Coming up with the money to fund it, however, will fall to Isle of Wight’s Board of Supervisors.
Virginia’s General Assembly in a special September session passed legislation allocating $54.5 million in state funds to give public school employees a 2% raise on top of the 5% raises that took effect in July in accordance with the state’s 2022-24 biennium budget, for a total 7% increase this school year.
According to Chief Financial Officer Larisa Harris, Isle of Wight County Schools has been allocated $312,221 to fund the raises for the minimum number of employees required under the state’s standards of quality. Isle of Wight, like many other Virginia school divisions, hires well in excess of the minimum.

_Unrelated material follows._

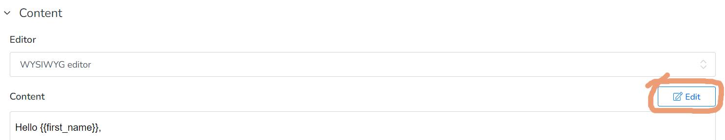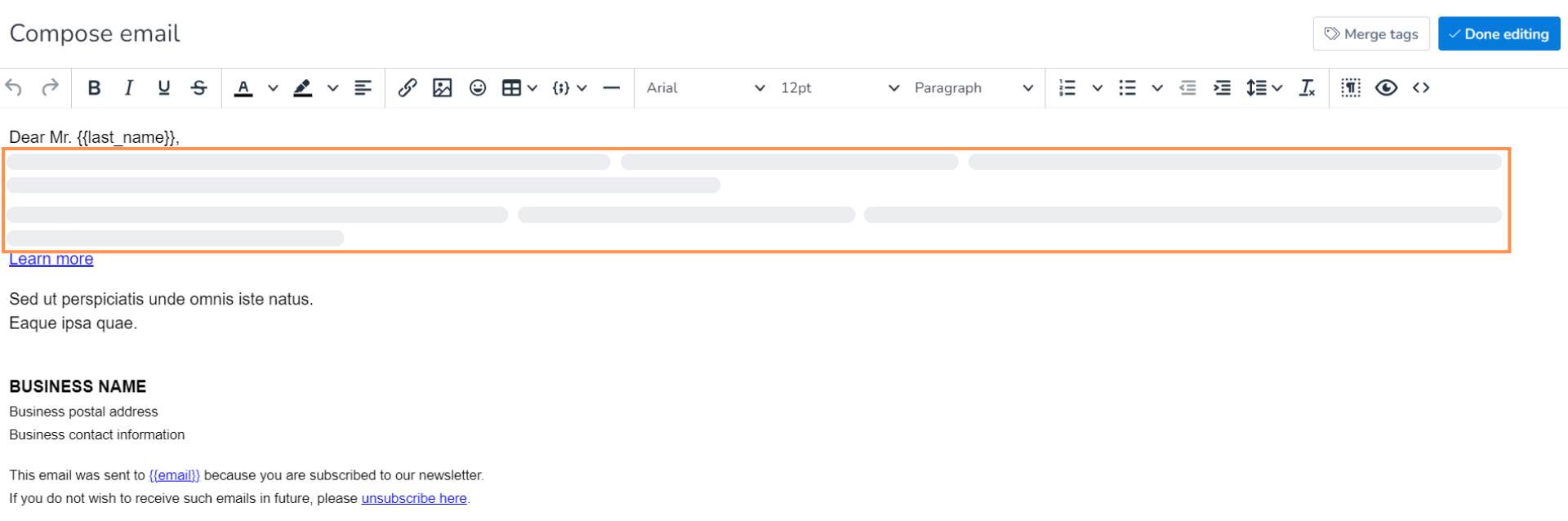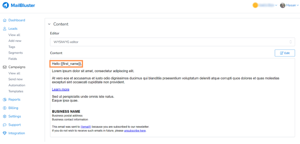 MailBluster offers three editors: Drag & drop, WYSIWYG (what you see is what you get), and HTML. For formal emails, the WYSIWYG editor is recommended. After selection, the content field will appear as shown below, where you can start working on your legal email content, including the salutation.

The Board of Supervisors, as the school system’s local funding authority, will need to vote to add the state money to Isle of Wight County Schools’ 2023-24 budget and come up with an additional $485,616 in local money to extend the 2% raises to all employees, Harris said.
Unlike the state-mandated 5% raises given at the start of this school year and the prior one, the additional 2% is optional. However, were Isle of Wight to decline the additional state money on grounds of wanting to forego the local match, “we would be one of the very few” in the state to do so, Superintendent Theo Cramer said, and would be at a “significant disadvantage” compared to larger school divisions with which Isle of Wight competes for teachers.
“We’re already one of the lower-paying divisions in the area relative to some of our neighbors,” Cramer said.
Isle of Wight’s teacher pay scale for the 2023-24 school year offers a starting salary of $49,000 for 200-day contract teachers with no prior experience, while neighboring Newport News public schools offers a minimum of $52,710 and Suffolk offers $53,000.
The School Board’s vote to approve the 2% raise passed unanimously with board member Denise Tynes absent.